Brian Robinson Challenge Ride 2013

Rider 312 peruses the route card.
Rider 312 peruses the route card.

Any cyclist familiar with the terrain of the Huddersfield area will be able to see that the route of the Brian Robinson Challenge hits quite a few noticeable bumps on the way round. At 75 miles with 2,500 metres of climbing the 2013 route is about the hardest road ride I’ve attempted since I was a teenager. Add to that a hefty buffeting from a lively sou’wester that really picked up speed over the tops, and last Sunday’s loop was quite a proposition. The previous year’s outing was rerouted away from the biggest hills due to adverse weather conditions, and I was told by one rider that this year’s wind was just as bad (it lacked the torrential rain of 2012, so the organisers kept the route unchanged).

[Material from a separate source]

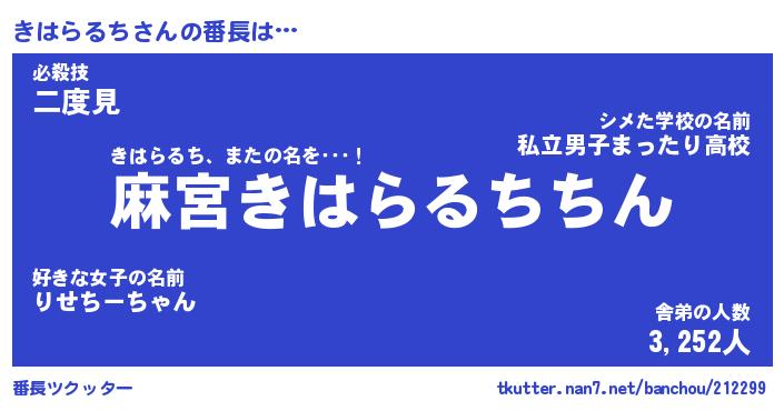 | 恥ずかしいあだ名 | 『プリティーきはらるち』『きはっちょ』 |

After being officially started by Brian Robinson himself (and some bloke in a ceremonial chain), several hundred riders rolled the couple of miles to the bottom of the first climb, Wessenden Head Road. It was a pleasant change to ride most of this hill in the shelter of a bunch, normally it’s just me on my own battling it out on a local loop. The sharp left at the top put the wind firmly behind us and the blast down into Holmfirth was excitingly rapid. Holme Moss was as difficult as you’d expect under the conditions. It was hard going all the way up until a tiny respite from the blustery gale below the crest of the hill, before we were almost blown backwards out of Derbyshire at the top. Here I am in an official event photo – I look like I’m throwing the bike about a little bit, but I’m actually just leaning into the wind to avoid falling off:

Note the seasoned roadie sheltering behind the clueless newbie rider.
Note the seasoned roadie sheltering from the hurricane-force headwind behind the clueless newbie rider.

I barely noticed Woodhead Pass after the last two little numbers, particularly with the gale behind us, and the roads down to Clayton West shot by in another tailwind-propelled blur. The next section of the ride over the undulating grimness of Emley and Grange Moor pointed us back towards the elements and weaved its way in fits and starts around the top of Huddersfield, towards the main spine of the Pennines and the relentless slog over the A640, head on into the wind. Here I befriended a big chap who looked like he knew what he was doing, but made the mistake of trying to share pulls on the front up past Nont Sarah’s. My legs weren’t as good as I had thought, and I clung on for as long as I could, but blew up shortly before the summit, and had to make my solitary way up and over at a much slower rate. After descending to Delph tagged onto the back of another group, I twiddled back over Standedge at a snail’s pace. Dragging myself past home was a bit of a wrench, but I felt a bit better up the last climb out of Marsden and I almost sprinted the last few kilometres to the finish. Clocking in at 5 hours 40 minutes officially (5h37 on the GPS, there was a queue) I was knackered, but pleased at getting back well inside the six hour target I had set myself. Apparently the fastest guy got round in four hours, solo. Incredible.

This was the first ‘sportive’ type ride I’ve ever done on the road; it was fun to ride out in a really big group for the first time in a couple of decades (I’m not in a club or anything like that). The marshalling was good, the course is certainly challenging, and the atmosphere was friendly. Very enjoyable, I’ll probably be back next year (but I hope it’s a bit less blowy).